DIRECTIONS FOR THIS TASK
For this exercise, output the entries below exactly from the line that holds "In the study" to the line that holds "大家好,慧慧来为大家解答以上", both ends included. No pictures belong in the copy.

GIVEN ENTRIES

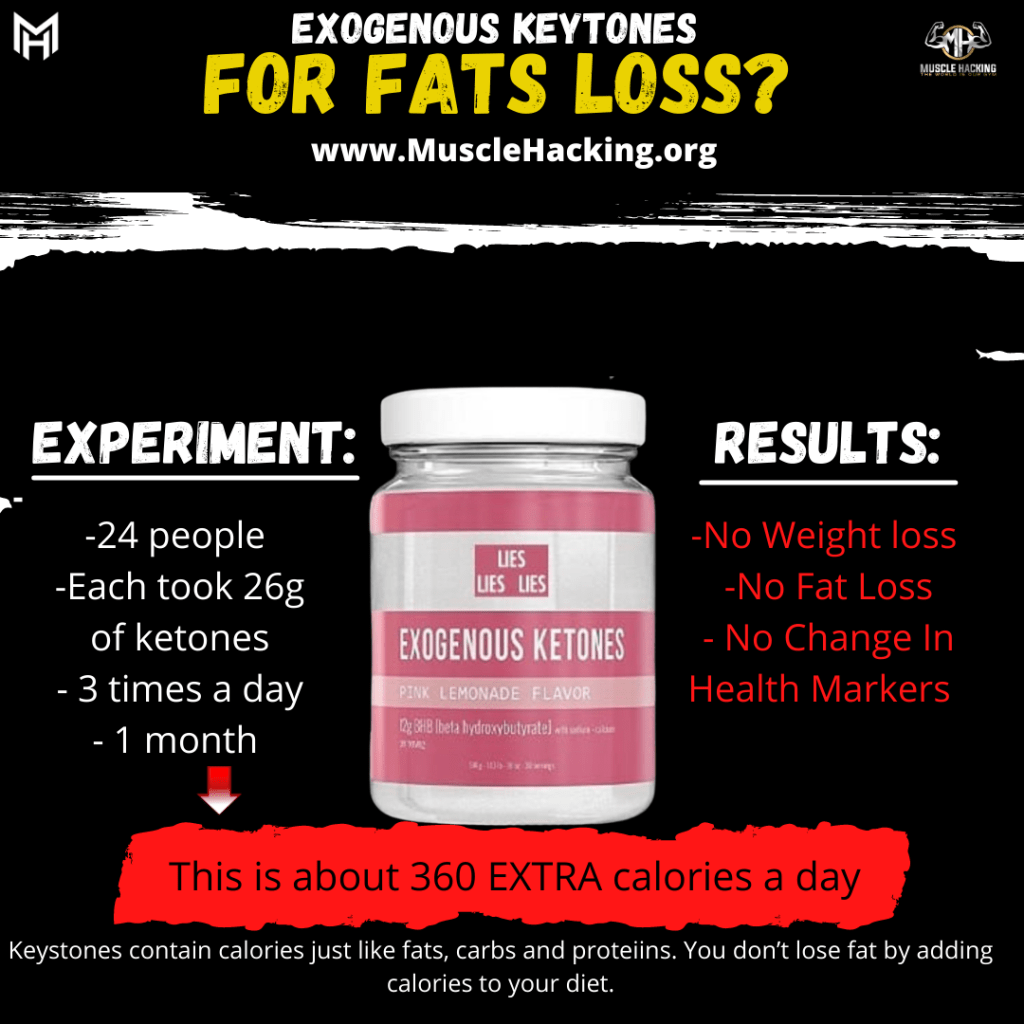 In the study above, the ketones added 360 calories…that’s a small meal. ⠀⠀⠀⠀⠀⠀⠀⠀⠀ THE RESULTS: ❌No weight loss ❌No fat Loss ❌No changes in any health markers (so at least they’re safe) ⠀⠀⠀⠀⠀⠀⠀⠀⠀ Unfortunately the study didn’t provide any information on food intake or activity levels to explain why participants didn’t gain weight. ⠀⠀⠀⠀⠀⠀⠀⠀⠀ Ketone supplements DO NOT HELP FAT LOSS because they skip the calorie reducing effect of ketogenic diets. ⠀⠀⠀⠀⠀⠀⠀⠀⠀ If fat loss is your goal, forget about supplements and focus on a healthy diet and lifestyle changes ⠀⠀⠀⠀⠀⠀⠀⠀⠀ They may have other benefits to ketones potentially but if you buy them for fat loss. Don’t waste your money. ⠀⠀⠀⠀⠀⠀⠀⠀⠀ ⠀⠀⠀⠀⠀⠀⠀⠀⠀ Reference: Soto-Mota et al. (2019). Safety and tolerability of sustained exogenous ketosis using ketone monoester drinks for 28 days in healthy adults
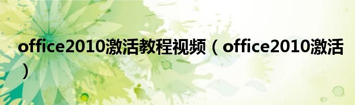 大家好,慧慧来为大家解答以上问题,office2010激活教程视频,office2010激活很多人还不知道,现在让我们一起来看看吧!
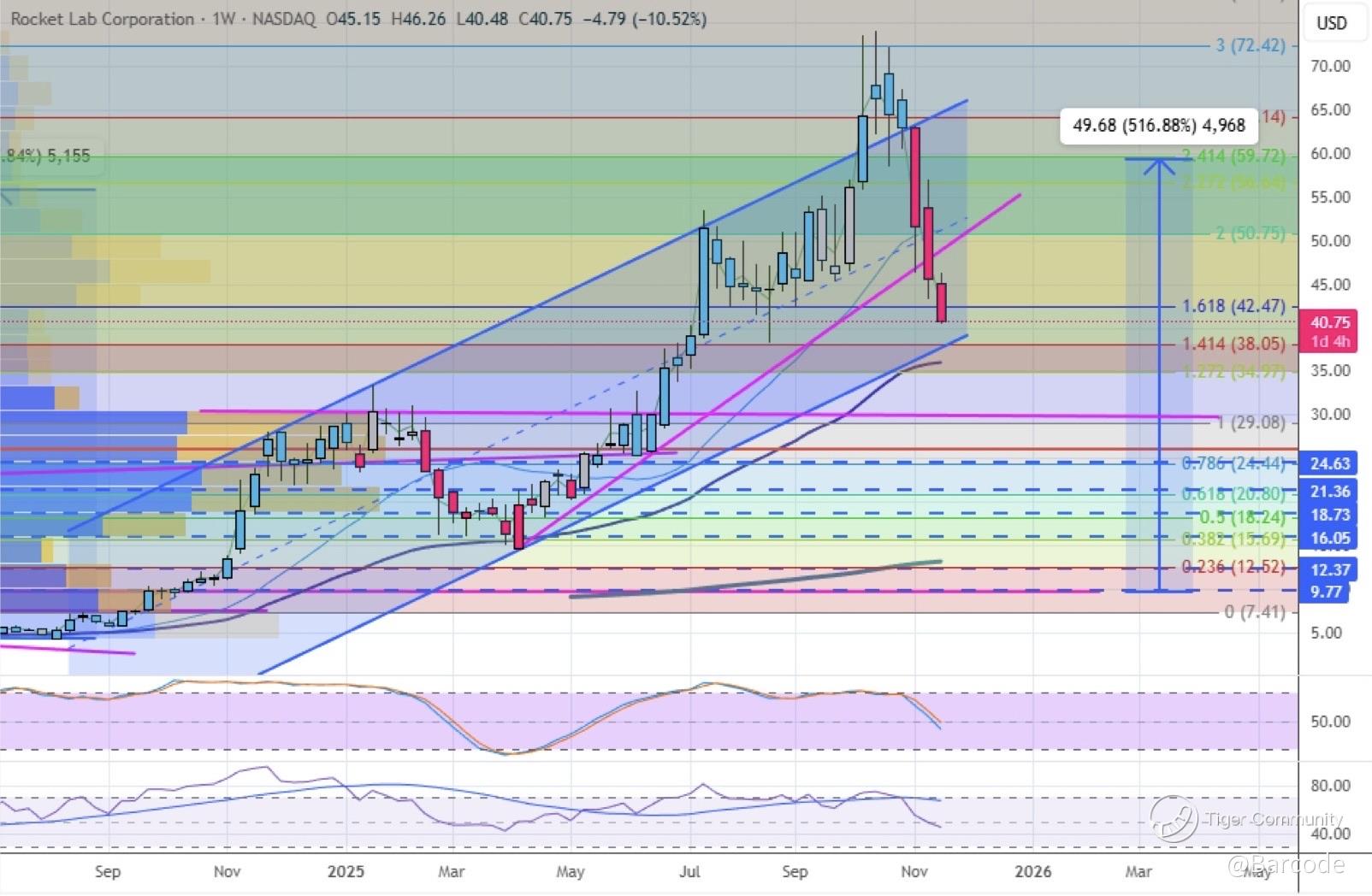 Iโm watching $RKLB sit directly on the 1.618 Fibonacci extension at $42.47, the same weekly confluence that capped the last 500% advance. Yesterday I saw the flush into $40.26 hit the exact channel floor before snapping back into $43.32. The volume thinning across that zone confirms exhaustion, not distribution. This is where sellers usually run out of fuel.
---
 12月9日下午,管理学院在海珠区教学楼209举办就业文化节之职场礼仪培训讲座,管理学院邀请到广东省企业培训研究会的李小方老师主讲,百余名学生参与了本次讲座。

OUTPUT FOR THIS TASK
 In the study above, the ketones added 360 calories…that’s a small meal. ⠀⠀⠀⠀⠀⠀⠀⠀⠀ THE RESULTS: ❌No weight loss ❌No fat Loss ❌No changes in any health markers (so at least they’re safe) ⠀⠀⠀⠀⠀⠀⠀⠀⠀ Unfortunately the study didn’t provide any information on food intake or activity levels to explain why participants didn’t gain weight. ⠀⠀⠀⠀⠀⠀⠀⠀⠀ Ketone supplements DO NOT HELP FAT LOSS because they skip the calorie reducing effect of ketogenic diets. ⠀⠀⠀⠀⠀⠀⠀⠀⠀ If fat loss is your goal, forget about supplements and focus on a healthy diet and lifestyle changes ⠀⠀⠀⠀⠀⠀⠀⠀⠀ They may have other benefits to ketones potentially but if you buy them for fat loss. Don’t waste your money. ⠀⠀⠀⠀⠀⠀⠀⠀⠀ ⠀⠀⠀⠀⠀⠀⠀⠀⠀ Reference: Soto-Mota et al. (2019). Safety and tolerability of sustained exogenous ketosis using ketone monoester drinks for 28 days in healthy adults
 大家好,慧慧来为大家解答以上问题,office2010激活教程视频,office2010激活很多人还不知道,现在让我们一起来看看吧!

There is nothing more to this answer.